◆ **Try it**: Within the material below, transcribe exactly the lines from the one holding "ドローン実験場など豊富な共用施設の予約・入室動線を利用者属性ごとに整備" through the one holding "Classic simple design", keeping both ends and skipping the rest.

◆ **Raw data**:

▬▬▬▬▬▬▬▬▬▬

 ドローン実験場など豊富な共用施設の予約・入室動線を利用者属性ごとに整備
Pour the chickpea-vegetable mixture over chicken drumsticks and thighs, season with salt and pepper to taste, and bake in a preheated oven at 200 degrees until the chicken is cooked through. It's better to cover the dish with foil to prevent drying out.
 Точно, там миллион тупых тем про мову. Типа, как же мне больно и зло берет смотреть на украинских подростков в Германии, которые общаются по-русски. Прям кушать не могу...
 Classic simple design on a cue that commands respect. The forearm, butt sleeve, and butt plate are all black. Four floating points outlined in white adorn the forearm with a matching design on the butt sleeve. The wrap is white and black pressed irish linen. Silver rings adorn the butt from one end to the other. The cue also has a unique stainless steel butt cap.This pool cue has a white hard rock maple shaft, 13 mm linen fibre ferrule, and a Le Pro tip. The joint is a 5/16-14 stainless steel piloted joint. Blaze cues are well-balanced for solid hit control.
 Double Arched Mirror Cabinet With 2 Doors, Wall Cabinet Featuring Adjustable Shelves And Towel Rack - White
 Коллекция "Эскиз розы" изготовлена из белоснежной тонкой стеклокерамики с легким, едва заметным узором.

▬▬▬▬▬▬▬▬▬▬

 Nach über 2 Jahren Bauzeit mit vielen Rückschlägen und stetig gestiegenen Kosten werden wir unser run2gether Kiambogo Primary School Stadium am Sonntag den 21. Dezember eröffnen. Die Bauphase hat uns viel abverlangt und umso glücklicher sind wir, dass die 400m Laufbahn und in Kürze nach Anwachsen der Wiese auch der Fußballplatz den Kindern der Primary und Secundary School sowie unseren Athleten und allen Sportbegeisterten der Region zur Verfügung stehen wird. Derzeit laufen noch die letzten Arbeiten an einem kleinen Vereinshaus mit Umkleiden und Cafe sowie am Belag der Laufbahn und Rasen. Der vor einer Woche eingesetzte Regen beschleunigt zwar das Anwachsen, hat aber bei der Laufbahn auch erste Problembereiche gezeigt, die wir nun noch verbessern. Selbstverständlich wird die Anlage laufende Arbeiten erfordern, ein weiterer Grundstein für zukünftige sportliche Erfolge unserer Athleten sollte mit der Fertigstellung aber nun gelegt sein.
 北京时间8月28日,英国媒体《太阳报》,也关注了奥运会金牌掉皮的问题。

▬▬▬▬▬▬▬▬▬▬

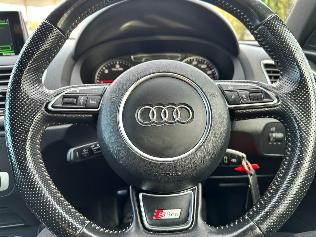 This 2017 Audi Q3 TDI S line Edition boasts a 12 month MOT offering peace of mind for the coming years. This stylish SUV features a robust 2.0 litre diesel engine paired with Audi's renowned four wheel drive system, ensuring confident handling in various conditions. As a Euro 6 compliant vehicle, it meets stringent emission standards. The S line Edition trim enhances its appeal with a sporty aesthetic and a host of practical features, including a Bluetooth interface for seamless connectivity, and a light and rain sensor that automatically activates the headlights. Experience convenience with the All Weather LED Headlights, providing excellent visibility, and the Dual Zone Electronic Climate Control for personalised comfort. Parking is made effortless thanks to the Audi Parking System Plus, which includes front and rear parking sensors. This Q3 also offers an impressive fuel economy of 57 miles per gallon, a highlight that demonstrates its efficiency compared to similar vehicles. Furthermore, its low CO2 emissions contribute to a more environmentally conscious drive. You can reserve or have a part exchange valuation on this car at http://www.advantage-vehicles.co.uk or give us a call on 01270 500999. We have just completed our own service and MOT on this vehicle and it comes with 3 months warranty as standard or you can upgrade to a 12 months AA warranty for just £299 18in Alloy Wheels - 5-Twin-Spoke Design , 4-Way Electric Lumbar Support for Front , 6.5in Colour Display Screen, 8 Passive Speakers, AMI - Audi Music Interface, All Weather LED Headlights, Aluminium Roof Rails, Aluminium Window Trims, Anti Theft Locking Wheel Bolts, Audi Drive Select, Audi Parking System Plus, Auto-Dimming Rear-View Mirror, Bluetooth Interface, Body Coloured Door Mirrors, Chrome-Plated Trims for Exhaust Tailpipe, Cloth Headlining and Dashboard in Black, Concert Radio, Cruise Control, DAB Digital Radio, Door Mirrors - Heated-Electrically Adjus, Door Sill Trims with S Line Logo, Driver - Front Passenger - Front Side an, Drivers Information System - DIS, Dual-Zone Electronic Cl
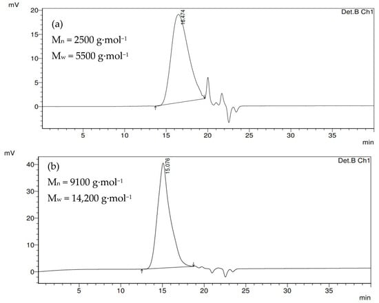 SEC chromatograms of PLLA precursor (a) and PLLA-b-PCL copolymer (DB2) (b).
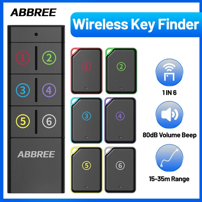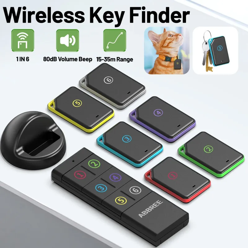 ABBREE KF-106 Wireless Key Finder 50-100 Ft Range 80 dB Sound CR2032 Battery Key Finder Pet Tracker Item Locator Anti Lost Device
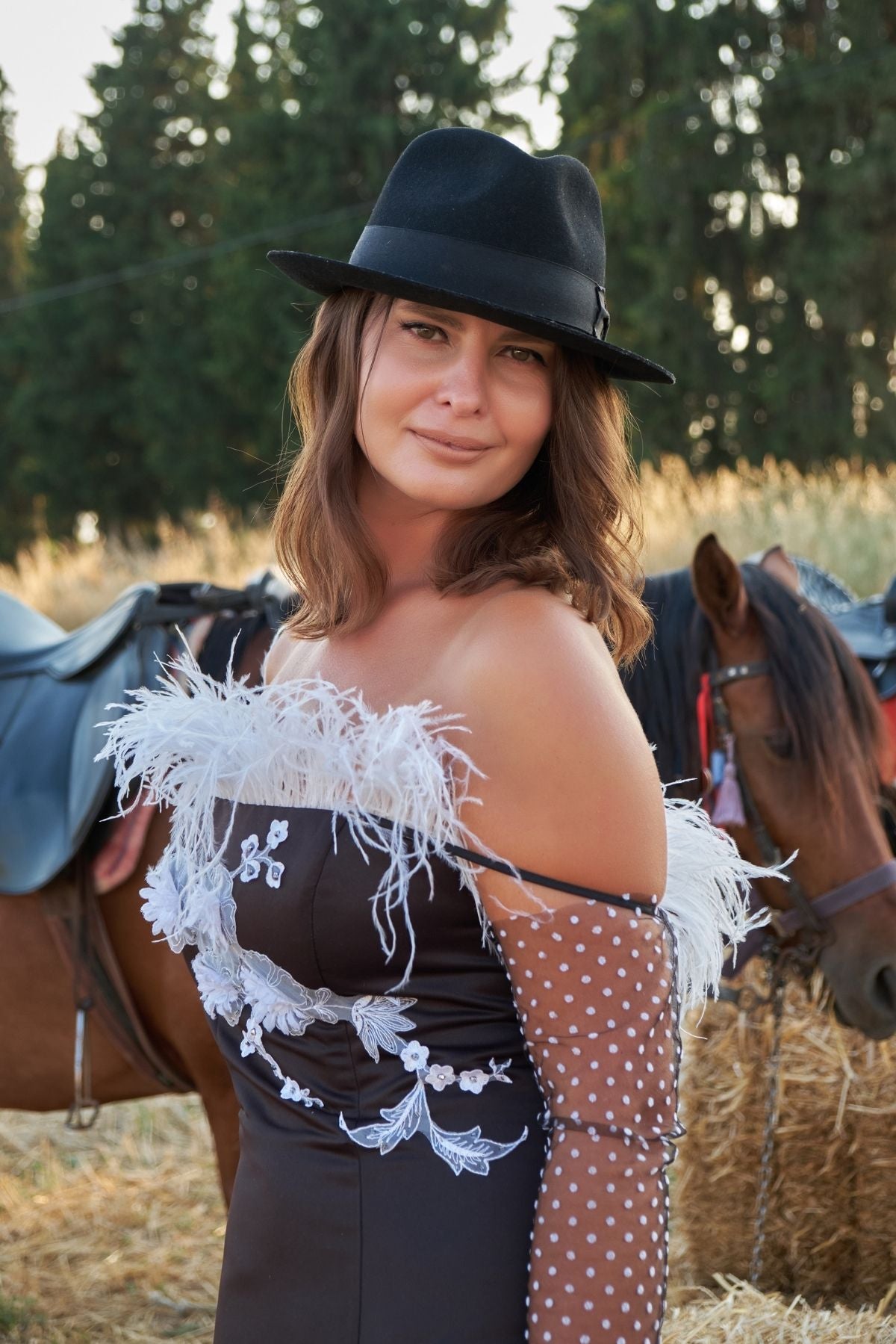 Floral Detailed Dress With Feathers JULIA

▬▬▬▬▬▬▬▬▬▬

◆ **Response area**:
 ドローン実験場など豊富な共用施設の予約・入室動線を利用者属性ごとに整備
Pour the chickpea-vegetable mixture over chicken drumsticks and thighs, season with salt and pepper to taste, and bake in a preheated oven at 200 degrees until the chicken is cooked through. It's better to cover the dish with foil to prevent drying out.
 Точно, там миллион тупых тем про мову. Типа, как же мне больно и зло берет смотреть на украинских подростков в Германии, которые общаются по-русски. Прям кушать не могу...
 Classic simple design on a cue that commands respect. The forearm, butt sleeve, and butt plate are all black. Four floating points outlined in white adorn the forearm with a matching design on the butt sleeve. The wrap is white and black pressed irish linen. Silver rings adorn the butt from one end to the other. The cue also has a unique stainless steel butt cap.This pool cue has a white hard rock maple shaft, 13 mm linen fibre ferrule, and a Le Pro tip. The joint is a 5/16-14 stainless steel piloted joint. Blaze cues are well-balanced for solid hit control.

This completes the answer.